Owen, a former third grade teacher in the Los Angeles Unified School District, sent her letter of resignation on June 30 — and was surprised when someone from the human resources department responded to her email congratulating her on the decision. 

"It really gave me pause, because I was not happy to be leaving teaching and didn't see it as something to be celebrated," Owen, 48, says. "I felt like I was being forced out of teaching."

She fought back tears while breaking the news to her students. 

"All day, there were kids telling me how excited they were to visit my classroom when we returned in the fall, or how they had hoped their younger sibling would have me next year," Owen says. "I felt a huge amount of guilt telling them I wasn't coming back, like I was abandoning these little kids who needed me." 

Owen says she reached her breaking point "many, many times" over the years, and had debated quitting teaching before — but the 2021-2022 school year pushed her over the edge. 

"Everything immediately shifted in terms of what leadership expected from us," she says. "We went from valuing the whole child and caring about our students as human beings during virtual learning to testing them to death." 

On top of that, many of her students were still struggling with stressors that had cropped up during the pandemic: losing family members to coronavirus, worrying about getting sick with the virus themselves, feeling insecure or timid around their classmates after so much time spent apart. 

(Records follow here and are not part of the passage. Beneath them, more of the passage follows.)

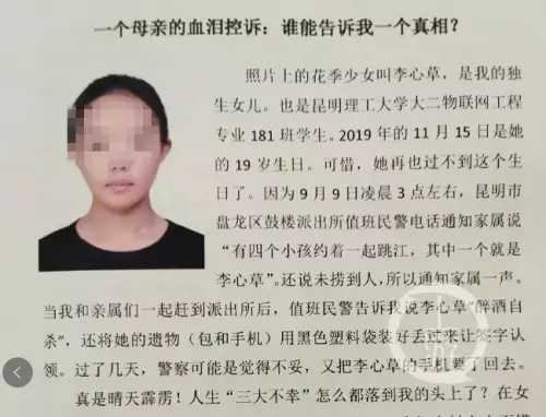 10月14日清晨,媒體援引昆明警方說法稱,備受網路輿論關注的昆明理工大學在讀大二女生李心草落水死亡一事有了初步調查結論:李心草為意外落水,尚不構成刑事案件。
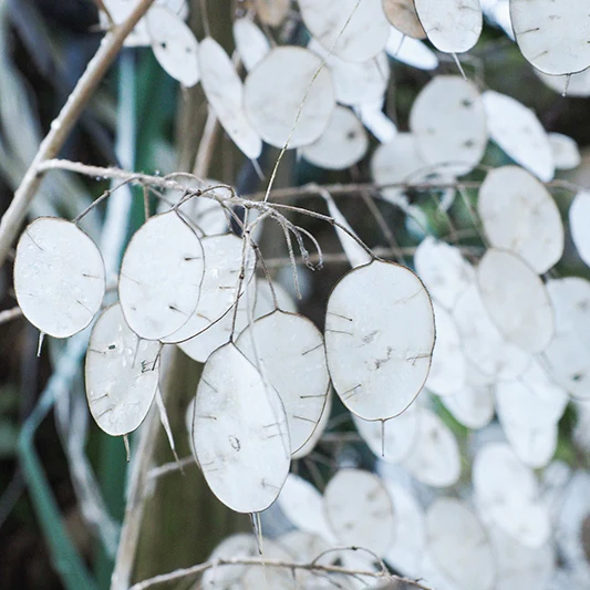 Als de zaden rijp zijn, springen de zaaddozen open. Dan kun je de vliesjes eraf peuteren en zie je de mooie zilverwitte binnenkant. Die kun je heel goed in droogboeketten of droogbloemwerk verwerken. Maak maar eens een krans op met alleen maar korte toefjes gedroogde Judaspenning. Niet alleen leuk om te doen, het ziet er mooi uit en blijft tot vervelens toe goed! Om je krans een tweede leven te geven, steek je er zo tegen kerst, sneeuwwitte kerstballetjes tussen en drapeer je er van die hele kleine ledlampjes tussen. Echt wel leuk!
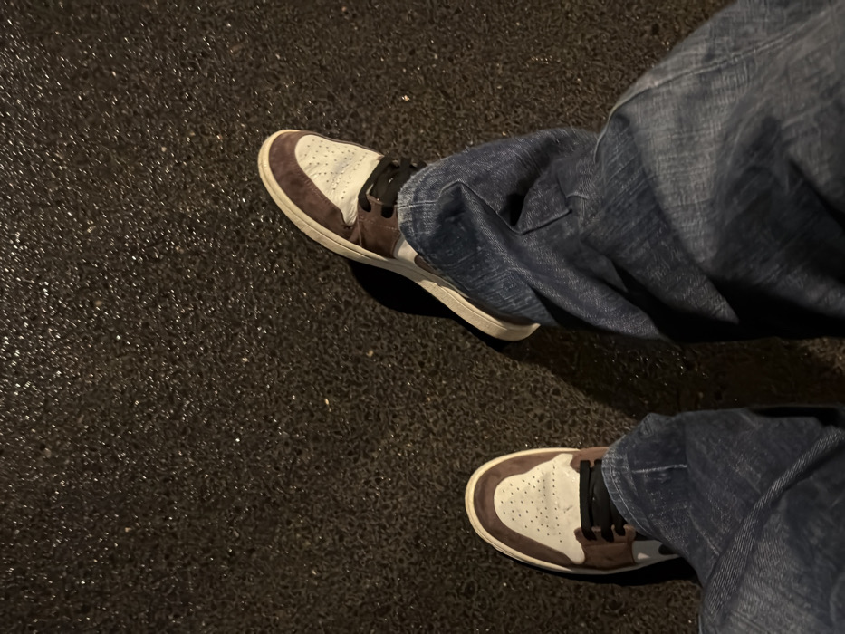 Two brown and white sneakers stand on a dark, slightly wet surface. The shoes have a white upper with a brown suede overlay and black laces. Blue jeans are draped over the sneakers, with the fabric pooling around the ankle of the top shoe. The surface reflects some light, giving it a glistening appearance. The overall perspective is from above, looking down at the shoes and the ground.
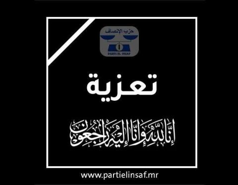 وهي مناسبة، نعبر فيها، باسم حزب الإنصاف عن تعازينا الخالصة لنائبة رئيس الحزب وكل أفراد عائلتها الكريمة ولجميع سكان ولاية كوركول وجميع الموريتانيين، ونتمنى من الله أن يتغمد الفقيد برحمته الواسعة وأن يلهم ذويه ومحبيه الصبر والسلوان.
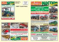 This sale features several local farmers making operational changes and selling surplus equipment. : This is a small listing of items that will be in this sale. This sale usually runs from 8:30 in the morning till 6:00 in the evening. For full listing, late additions, pictures and more information, visit our website. ALSO: We want to say a personal “Thank You!” to all of you who, for decades, have traveled here to support this sale. The local businesses as well as the private school who handles the concessions appreciate you very much. We look forward to seeing you on Thursday, Jan. 29th! IMPORTANT NOTICE: THIS AUCTION WILL BE ONSITE BIDDING ONLY. THERE WILL BE NO ONLINE BIDDING. If you cannot attend and want to bid on a piece of equipment, contact DeWitt Auction Co. before sale day and we will make arrangements for someone in attendance to call you and bid for you. |
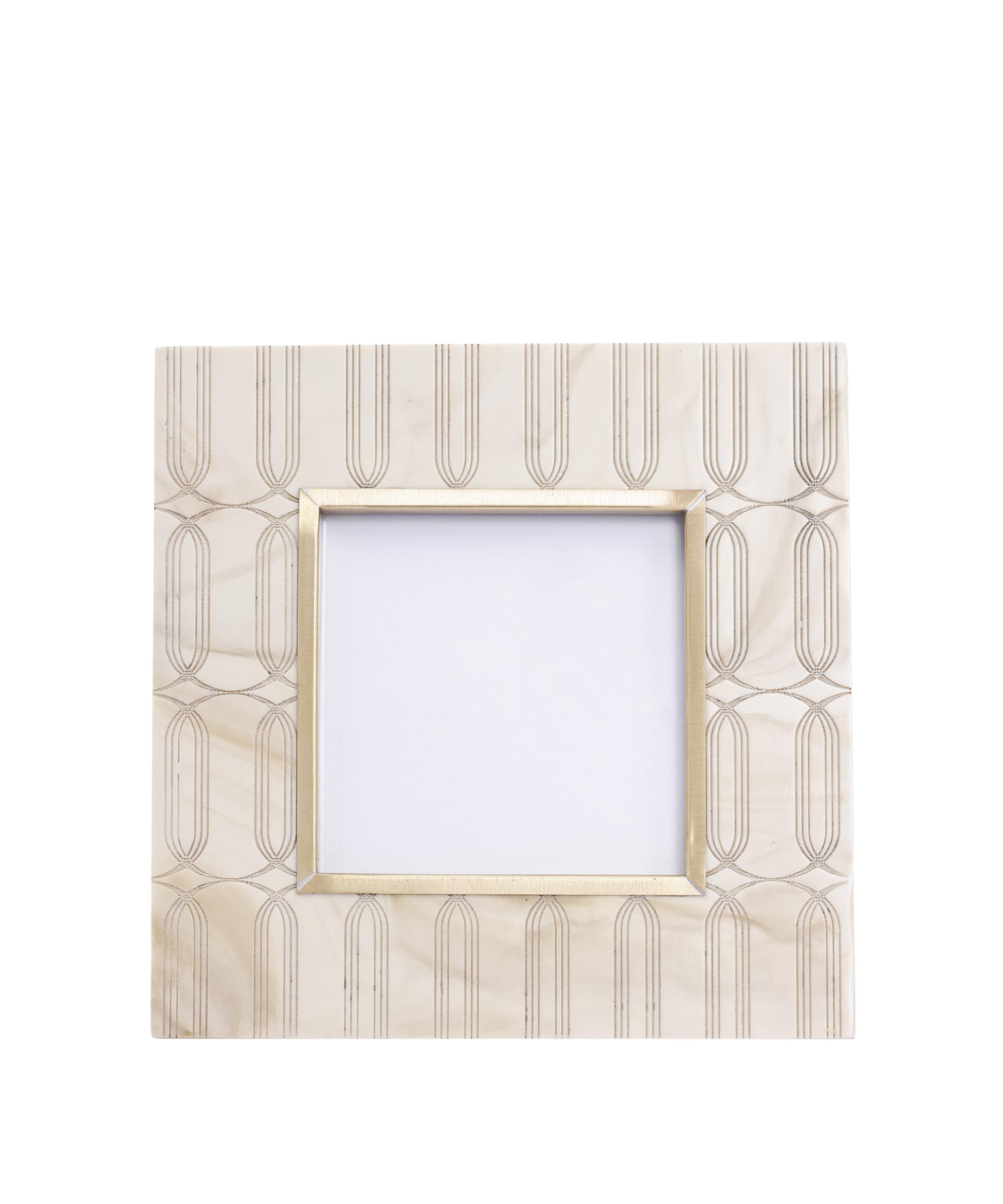 Geometrik desenlerle zenginleştirilen bu kare çerçeve, hem klasik hem çağdaş alanlara kolayca uyum sağlar. Şömine üzeri veya kitaplık raflarında şık bir tamamlayıcı olur.

"That killed my spirit," Owen says. "At that point, teaching became intolerable, and I couldn't do it anymore." 

She moved to Charlotte weeks after quitting teaching and has been focused on volunteering for causes she's passionate about, like gun reform, and finding a new job — she's interested in pursuing a career in marketing or communications. 

"My heart is still broken," Owen says of her decision to quit. "Part of me still wants to be a teacher, I was proud of it, and really loved it … but I don't think I will step foot in a classroom ever again."